• WHAT YOU WILL DO:
Lines to return, exactly: from the line with "It is endemic" to the line with "El documento describe" in the entries below, both included.

• EXTRACTED ENTRIES:
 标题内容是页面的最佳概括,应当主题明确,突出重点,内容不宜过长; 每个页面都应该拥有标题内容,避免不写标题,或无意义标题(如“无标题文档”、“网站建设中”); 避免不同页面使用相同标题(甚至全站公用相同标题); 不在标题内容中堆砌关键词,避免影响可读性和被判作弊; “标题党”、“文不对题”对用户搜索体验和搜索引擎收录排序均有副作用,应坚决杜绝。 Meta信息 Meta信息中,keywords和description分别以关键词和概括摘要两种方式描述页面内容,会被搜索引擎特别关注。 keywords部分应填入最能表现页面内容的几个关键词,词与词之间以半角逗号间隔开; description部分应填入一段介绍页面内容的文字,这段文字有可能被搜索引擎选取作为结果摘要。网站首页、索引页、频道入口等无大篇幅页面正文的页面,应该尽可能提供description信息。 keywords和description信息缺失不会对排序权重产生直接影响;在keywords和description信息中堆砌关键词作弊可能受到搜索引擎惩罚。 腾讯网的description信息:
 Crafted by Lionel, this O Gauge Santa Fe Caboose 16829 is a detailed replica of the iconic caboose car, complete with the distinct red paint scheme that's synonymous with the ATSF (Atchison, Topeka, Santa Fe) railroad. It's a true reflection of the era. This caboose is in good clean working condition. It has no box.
--
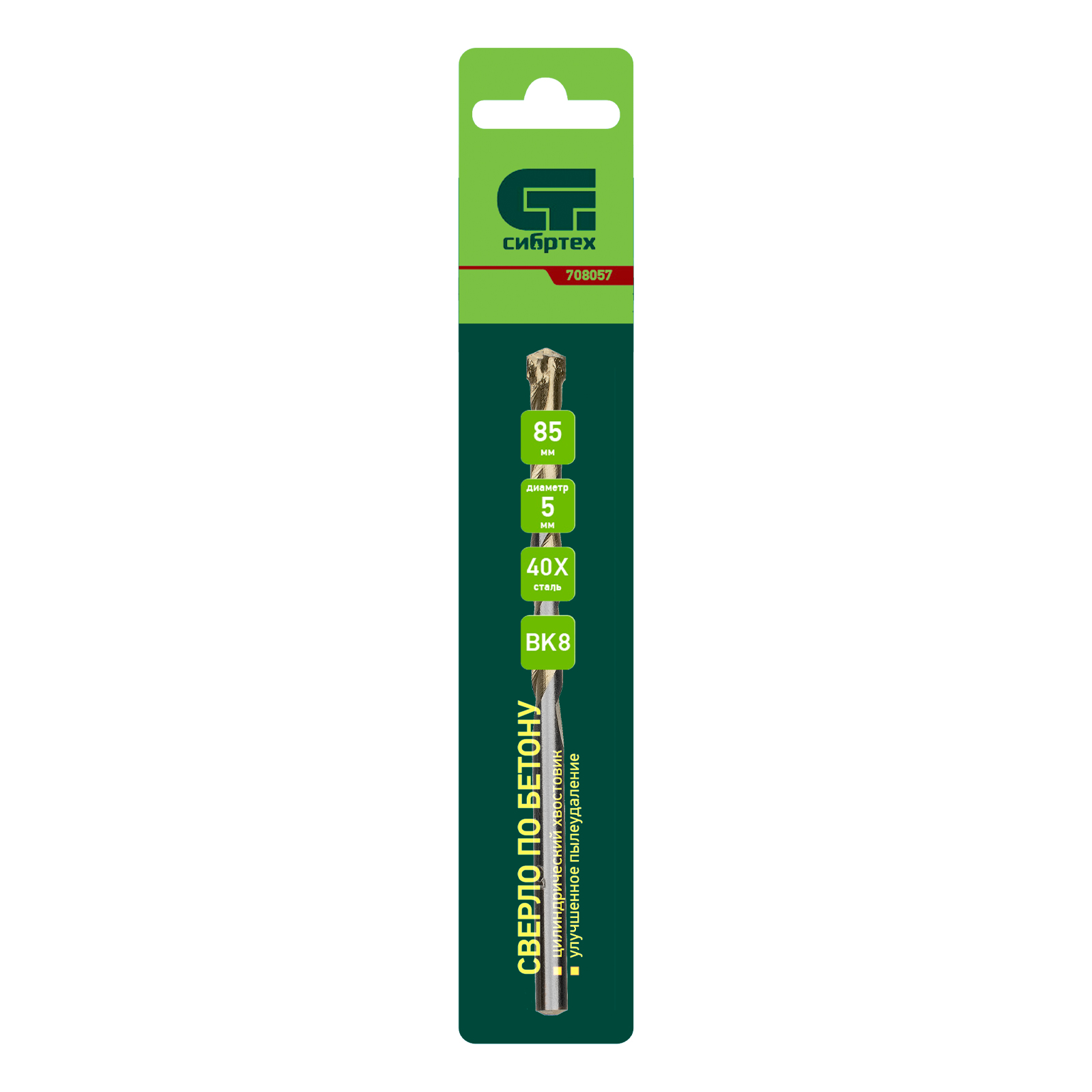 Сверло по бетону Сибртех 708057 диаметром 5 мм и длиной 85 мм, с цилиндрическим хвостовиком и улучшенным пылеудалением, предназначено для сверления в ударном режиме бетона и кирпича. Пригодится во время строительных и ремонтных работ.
==
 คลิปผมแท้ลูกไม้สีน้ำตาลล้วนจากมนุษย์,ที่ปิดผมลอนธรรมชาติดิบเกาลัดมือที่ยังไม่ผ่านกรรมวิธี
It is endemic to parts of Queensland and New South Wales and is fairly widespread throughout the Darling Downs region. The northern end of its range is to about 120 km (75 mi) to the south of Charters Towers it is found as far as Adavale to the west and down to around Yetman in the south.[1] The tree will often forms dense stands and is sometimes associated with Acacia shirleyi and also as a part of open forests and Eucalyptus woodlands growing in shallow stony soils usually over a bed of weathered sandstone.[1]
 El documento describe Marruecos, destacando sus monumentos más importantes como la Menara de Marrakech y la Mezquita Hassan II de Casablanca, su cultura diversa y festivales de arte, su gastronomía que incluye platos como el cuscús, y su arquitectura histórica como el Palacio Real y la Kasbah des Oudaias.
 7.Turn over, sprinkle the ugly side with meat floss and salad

• TASK RESPONSE:
It is endemic to parts of Queensland and New South Wales and is fairly widespread throughout the Darling Downs region. The northern end of its range is to about 120 km (75 mi) to the south of Charters Towers it is found as far as Adavale to the west and down to around Yetman in the south.[1] The tree will often forms dense stands and is sometimes associated with Acacia shirleyi and also as a part of open forests and Eucalyptus woodlands growing in shallow stony soils usually over a bed of weathered sandstone.[1]
 El documento describe Marruecos, destacando sus monumentos más importantes como la Menara de Marrakech y la Mezquita Hassan II de Casablanca, su cultura diversa y festivales de arte, su gastronomía que incluye platos como el cuscús, y su arquitectura histórica como el Palacio Real y la Kasbah des Oudaias.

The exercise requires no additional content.